Поддавшись секундному порыву ассоциаций, Федор очнулся от своих мыслей, и максимально спокойно протянул парню телефон со списком песен. Николай, теперь с черными кругами вокруг глаз, мимолетно коснулся его пальцев своими, забирая гаджет, и принялся тем же самым карандашом переписывать список на свое запястье, закатав левый рукав старой водолазки.
Гоголь одевался непонятно во что — это если брать отдельно одежду; и выглядел просто потрясно — это если брать всего его целиком. Он был будто одновременно одетым и нагим: обрезанная ниже пупка водолазка непонятного темно-красного цвета обтягивала его тощую талию, плечи, длинную шею и руки, в пространстве между штанами и водолазкой маняще выглядывали сетчатые колготки, и в их клетке сидела кривая татуировка какого-то мультяшного персонажа; свободные штаны в еле заметную полоску — к таким парень испытывал особую любовь, и скупал любые подобные, как только они окажутся в его поле зрения — плотно обхватывали поясницу, болтались на бедрах, и опять плотно охватывали его тощие голени, внизу снова пестрили вульгарные сетчатые колготки; обувь же была непримечательна — красные кеды, в которых он ходил уже шесть лет подряд, и когда они изнашивались, он покупал другие, точно такие же. Еще где-то в углу, на шкафу, валялась его ярко-бордовая короткая куртка, изрисованная странными рисунками вдоль и поперек. Неожиданно заметилось, что на водолазке выпирают проколотые соски.
— Не глазей на меня, я стесняюсь, — провоцирующе спокойно и четко проговорил Гоголь, со скрытой насмешкой в спрятанных за челкой глазах.
Писать полные названия песен было бы муторно, поэтому на руке красовались понятные только ему одному наборы символов, как у списывающего контрольную школьника, главное разобрать что-либо из написанного в темноте или в мерцании мощных разноцветных софитов — организатор обещал, что будет очень темно и эпилептические припадки будут обеспечены даже тем, у кого заболевания нет.
Федор глаз не отводил чисто из принципа, продолжал бессовестно пилить его, и Гоголь, расправившись со списком, принял вызов.
И проиграл — в гляделках Достоевскому не было равных.

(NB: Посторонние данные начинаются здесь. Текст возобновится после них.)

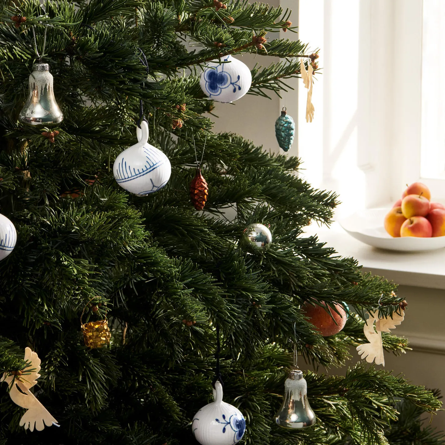Blå Mega Riflet julekugler er et perfekt samlerobjekt. Kuglerne vil se smukke ud på træet blandet med hvid, blå eller gyldne ornamenter. Eller måske hænge i vinduerne i skæret af levende lys. Kuglerne kan findes i to versioner af Blå Mega mønsteret designet af Karen Kjældgård-Larsen.

— Кстати, — начал Николай после непродолжительной сцены горечи поражения, когда Федор снова уткнулся в возвращенный телефон, решая какие-то рекламные вопросы, — я пришел в назначенное время в назначенное место, теперь твоя часть сделки.

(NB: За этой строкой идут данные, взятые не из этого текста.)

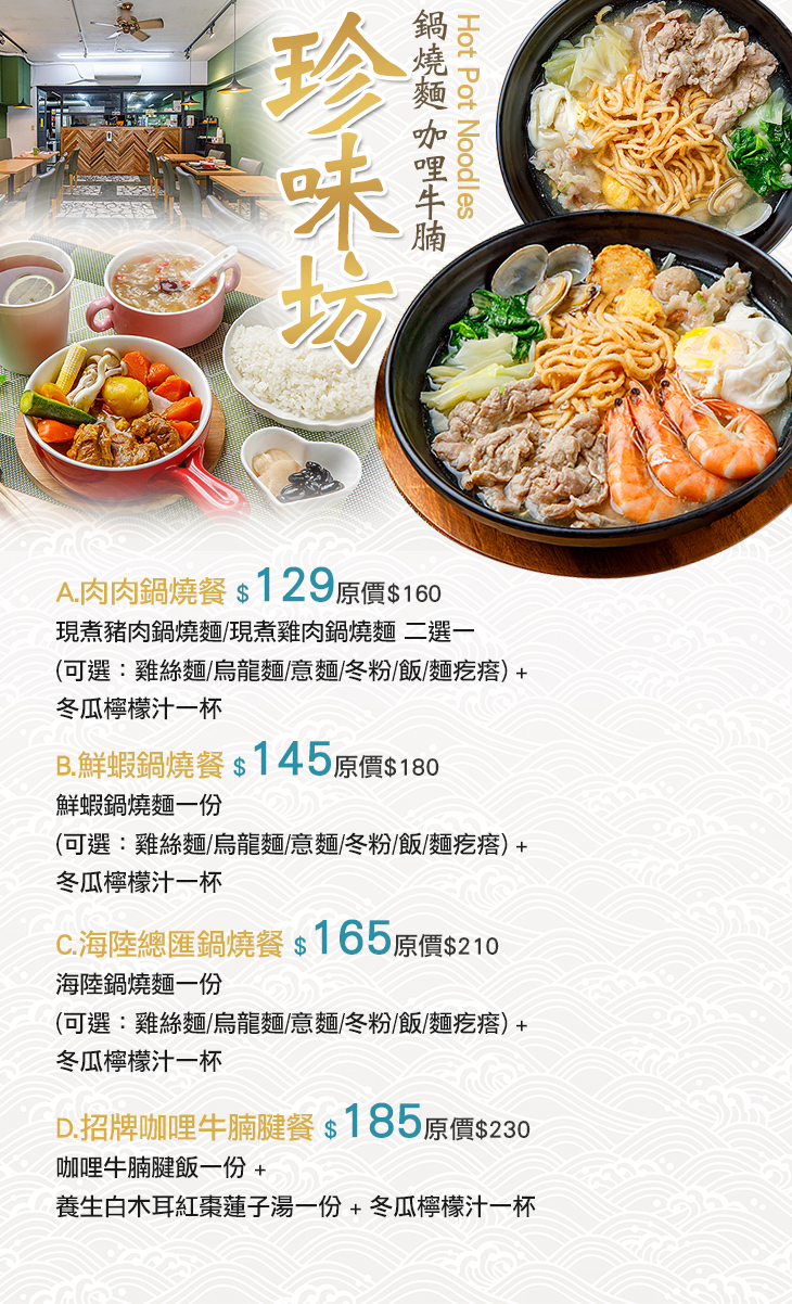 【珍味坊】專賣熱呼呼的鍋燒麵,可搭配豬肉、雞肉與海鮮,就連麵條也可依個人喜好選擇 ~ 店家堅持用心挑選好食材,湯鮮、肉甜、味美,每道程序都相當謹慎,完美展現最經典的鍋燒美味!除了招牌麵食之外,也有料多實在的飯食可選擇,平價飄香的銷魂魅力,絕對值得您細細品嚐唷!

Николай сполз в кресле так, чтобы дотянуться стертыми носками грязных кед до черных лакированных ботинок, и легонько пнул Федора куда-то в середину ступни. И еще раз. И еще.
— Ау. Слышишь меня?
Воспаленные глаза грозно поднялись на неугомонного парня, продержались считанные секунды, и вмиг лицо менеджера разгладилось, стало спокойным, как у святого с иконы. Бледные тощие пальцы подтянули портмоне поближе, умело рыскали по карманам, пока Федор не отвлекался от экрана, и, наконец, нащупали нужный предмет.
Зиплок проскользил по длинному столу и был прихлопнут точным ударом ладони Николая, который тотчас засиял как Сириус, стоило оторвать руку от стола. Он быстро открыл пластиковую застежку, аккуратно принюхался к белому порошку, и, потерев между пальцами вещество, попробовал на язык.
— Эй, Михайлович, да это же почти полностью чистый кокаин! Откуда ты его достал? А ну, делись номерочком.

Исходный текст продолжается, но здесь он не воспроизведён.